We have used the Auckland II trace set [17] as the
low bandwidth trace set used to generate high bandwidth
traces. The Auckland II traces are from a wide area network link with packet peak rate of 2Mbps in each direction. Bit rates (calculated over 100ms intervals) vary
from 0.4Mbps to 8Mbps. The duration of the trace is
around 11 hours. The trace consists of two trace files for
traffic in each direction.
4.1 Scaling
A simple method to generate a high bandwidth trace
is to scale a real world trace in time by dividing the
timestamps in the trace by a constant, the scaling factor,
s. Most common real world traces are either bidirectional traces such as an Ethernet trace or a pair of unidirectional traces from a wide area link such as the Auckland [17] data set. This method can be applied to either
form of trace files.
If the original traffic trace is from a 10 Mbps link
and we want to generate a 1Gbps trace file, then the scaling factor
s = 1Gbps/10Mbps = 100
Each timestamp in the original trace file Torig is replaced
in the generated trace file by a new timestamp Tnew
where
Tnew = Torig/s
All other records in the generated trace file (source and
destination addresses, packet sizes) are the same as in the
original trace file.
The strongest justification for applying this method
is that high bandwidth network traffic is a multiplexing of
traffic from several low bandwidth links. If the packet
arrivals of n streams on a low bandwidth link are independent and the packets interarrival times are uniformly
distributed, then the resulting aggregated trace should
have an arrival rate equal to approximately n times the
arrival rate of the low bandwidth links.
There are several flaws in this reasoning. Packets on
a TCP connection will not have uniformly distributed
interarrival times due to structural effects such as the
dependence of packet transmission on RTT and user
think times. The presence of a faster link does not imply
that the propagation delay would change or that a user
would read a web page faster.
In addition, the multiplexing of traffic from several
links may have other effects such as
• Queuing delays at switches/routers
• Packet drops at switches/routers (which depend on
drop policies such as Drop Tail, RED etc.) which in
turn affect the TCP congestion control algorithm
(resulting in window size changes, RTT reestimation
and RTO recalculation).
It is unlikely that these effects will be accurately modeled
by the scaling method.
Another disadvantage of this method is that the low
bandwidth trace used for generation needs to be a long
duration trace (at least s times the duration of the desired
high bandwidth trace). A possible solution to this is to
concatenate several low bandwidth traces and then scale.

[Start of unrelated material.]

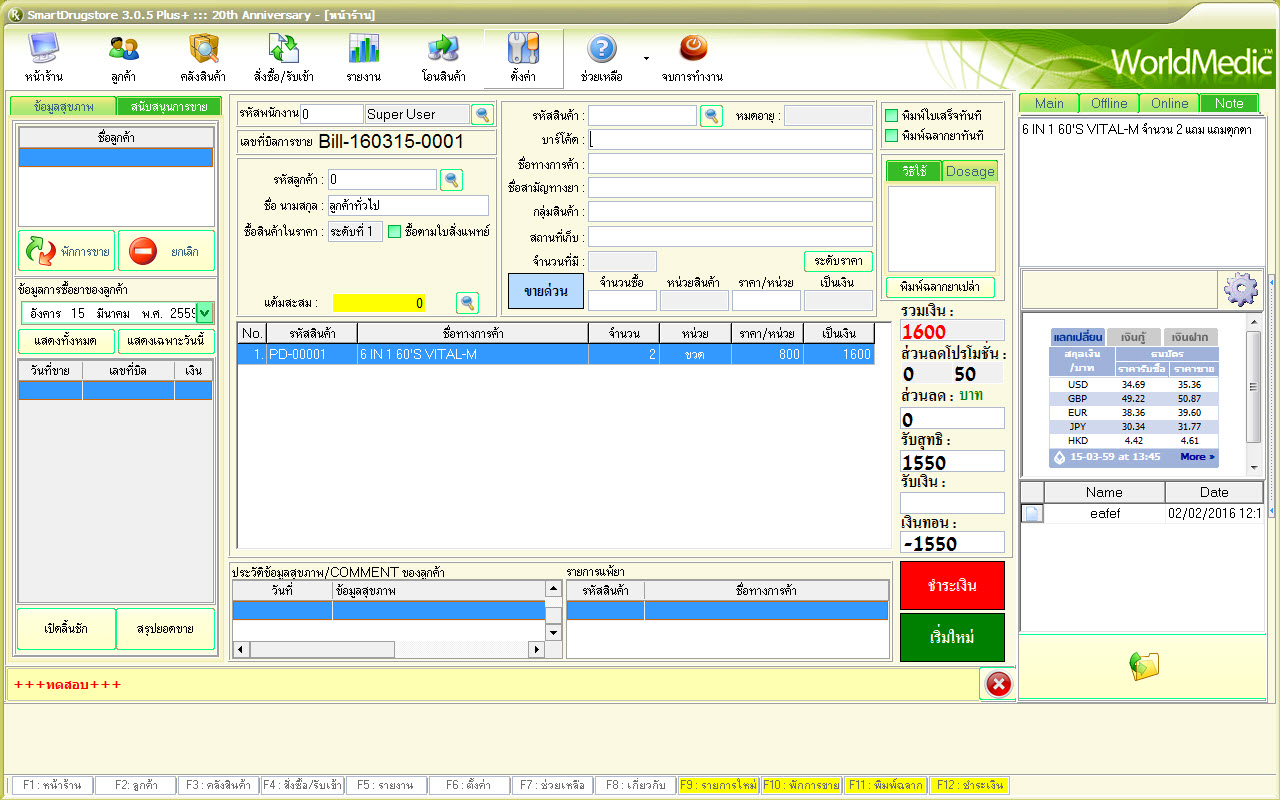 หน้าจอช่วยการขายมีระบบอัตราแลกเปลี่ยน (Exchange Rate) เพื่อช่วยระบุอัตราแลกเปลี่ยนสำหรับลูกค้าชาวต่างชาติที่มาซื้อด้วยเงินสกุลอื่น แบบเรียลไทม์ (ต้องเชื่อมต่ออินเตอร์เน็ต) มีหน้าจอหลัก (Main) จะแสดงโปรโมชั่นของสินค้านั้น เมื่อมีการคีย์สินค้านั้นขึ้นมาขาย ข้อมูลโปรโมชั่นก็จะแสดงในช่องให้ผู้ขายได้ทราบและให้ข้อมูลลูกค้าได้ทันที เช่น สินค้า A ถ้าซื้อครบ 1000 บาท ได้กระเป๋าผ้า แถม 1 อัน สินค้า A ซื้อ 2 แถม 1 เป็นต้น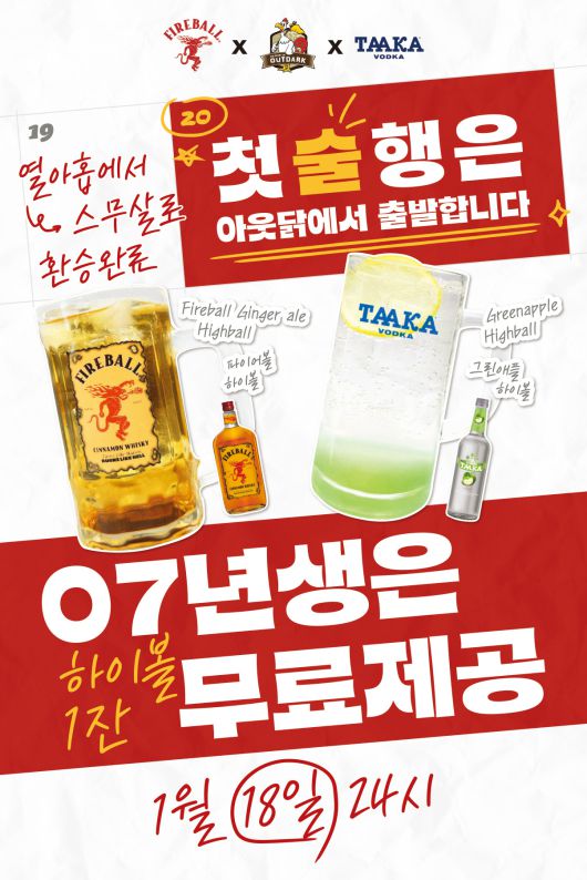 아웃닭 관계자는 "새해를 맞아 처음으로 성인이 된 2007년생들에게 의미 있는 추억을 선물하고자 이번 프로모션을 준비했다"며 "공식 수입사인 비이엑스 스피리츠 코리아와의 협업을 통해 완성도 높은 하이볼 경험을 제공할 수 있을 것으로 기대한다"고 말했다.

However, this results in abrupt changes in traffic patterns
at the points in time where the traces were concatenated.
4.2 Merging
In the merging method several real low bandwidth
traffic traces are merged. The merging is done by simulating the multiplexing that happens at an output queued
switch. The merging is done by a switch simulator. The
switch simulator consists of a single switch using a FIFO
queue with tail drop policy. The traces files are fed as
input to the switch simulator. The timestamps in the input
trace files determine the time when each packet is placed
in the output queue. The switch simulator serves the
queue using a FIFO queuing discipline and send packets
out on the output link. Each packet suffers a queuing
delay that depends on the number of packets in the
queue. Each packet requires a transmission time that
depends on the packet size and the bandwidth of the output link. The trace data (timestamp, source and destination addresses, packet size) for the packet is logged in a
file before it is sent out. The number of files being
merged is called the merging factor, m.
This method attempts to correct the deficiency of the
scaling method by introducing a queuing mechanism
which simulates the queuing delays. Note that it simulates the queuing delays at a single switch and not the
queuing delay that would be seen in a network of
switches. Unlike the scaling method, merging does not
significantly distort structural effects such as user think
times and RTTs.
As with the scaling method, this method does not
take into account the effect of packet drops or the TCP
congestion control algorithm into account. Any effects
due to TCP congestion control that were present in the
original traces are retained in the generated trace. However, the effect of new packet drops at the switch on the
TCP congestion control algorithm are not taken into
account.
The method works with undirectional traces only.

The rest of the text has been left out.